(Material for the task begins)

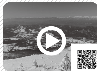
根子岳山頂からの眺望
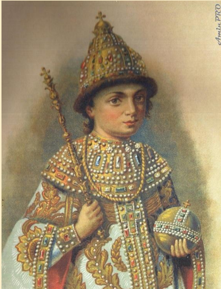
Портрет юного Петра I Неизвестный автор

Будущий император родился 30 мая (9 июня) 1672 года в Москве. Он был младшим сыном царя Алексея Михайловича Романова от второго брака с царицей Натальей Кирилловной Нарышкиной .
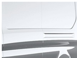
Stříbrná Moon dust metalická
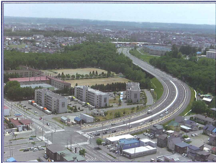
事業名：帯広圏都市計画道路事業3・3・46号弥生新道 事業者：北海道十勝総合振興局 帯広建設管理部

(Material for the task ends)

[Work item]: Inclusive range, exact copy: the line containing "Будущий император родился" through the last line of the listing. Print nothing else, and no pictures.

[Written answer]:
Будущий император родился 30 мая (9 июня) 1672 года в Москве. Он был младшим сыном царя Алексея Михайловича Романова от второго брака с царицей Натальей Кирилловной Нарышкиной .
Stříbrná Moon dust metalická
事業名：帯広圏都市計画道路事業3・3・46号弥生新道 事業者：北海道十勝総合振興局 帯広建設管理部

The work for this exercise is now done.